The Day 5 of the third India vs England Test at Lord’s began on a horrific note for the visitors as Rishabh Pant, KL Rahul and Washington Sundar departed in quick succession. India needed 135 at the start of the day to win, but those three dismissals pushed India on the brink of a loss in the third Test. While Pant fell to an absolute ripper by Jofra Archer, Sundar was undone by a dream caught and bowled dismissal by the same England star.
It was, however, the dismissal of KL Rahul that got former Indian cricket team captain Sunil Gavaskar talking. The batter was out LBW off Ben Stokes but he was given not out initially. Rahul tried to defend the ball but his bat bat was stuck behind the pad. The ball struck his front pad and Stokes was super confident he had got the Indian batter. The DRS showed ball was hitting the middle stump.
Gavaskar did not agree with how the DRS showed the ball’s trajectory.
“Surprisingly, this one didn’t bounce that much. When Indian bowlers were bowling balls were going above the stump mostly in reviews,” Gavaskar said on air. Michael Vaughan, who was his fellow commentator, tried to diffuse the situation.
“I am questioning the technology,” Gavaskar then said.
On Day 4 Sunil Gavaskar had blasted the ball-tracking technology after England’s Joe Root survived a review during Day 4 of the third Test between England and India.
During the 38th over of England’s second innings, Root was hit on his pads by a ball from Siraj and the Indian players were convinced that he was out. While the umpire signalled not-out, Siraj and captain Shubman Gill decided to go for the review. Replays showed that although the leg stump was completely visible at the time of impact, the ball moved quite a bit and it was ruled ‘umpire’s call’. However, Gavaskar was not happy with the dismissal as Siraj and the rest of the team was left disappointed.

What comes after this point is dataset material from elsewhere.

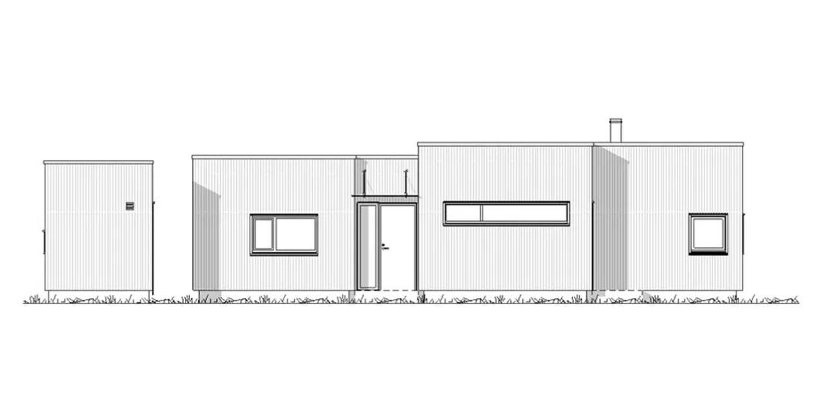 Funkishytta har en svært praktisk og åpen stue- og kjøkkenløsning. Her er det god plass til en kjøkkenøy og ikke minst en romslig spiseplass. Kjøkkenet har også en egen utgang til utendørsområdet i vest og nyter godt av rikelig naturlig lys som strømmer inn over arbeidsbenken i nord.

“You’re saying it was going to kiss the leg stump? There’s no way. It was knocking the leg stump off. The only good thing is that India have not lost the review,” Gavaskar said on commentary.
Similar sentiments were echoed by former England batter Jonathan Trott as well.
“I am flabbergasted. Having looked at that replay, I thought it was crashing into the inside part of the leg stump. Watching it in real time, I couldn’t believe it was missing,” Trott added on air.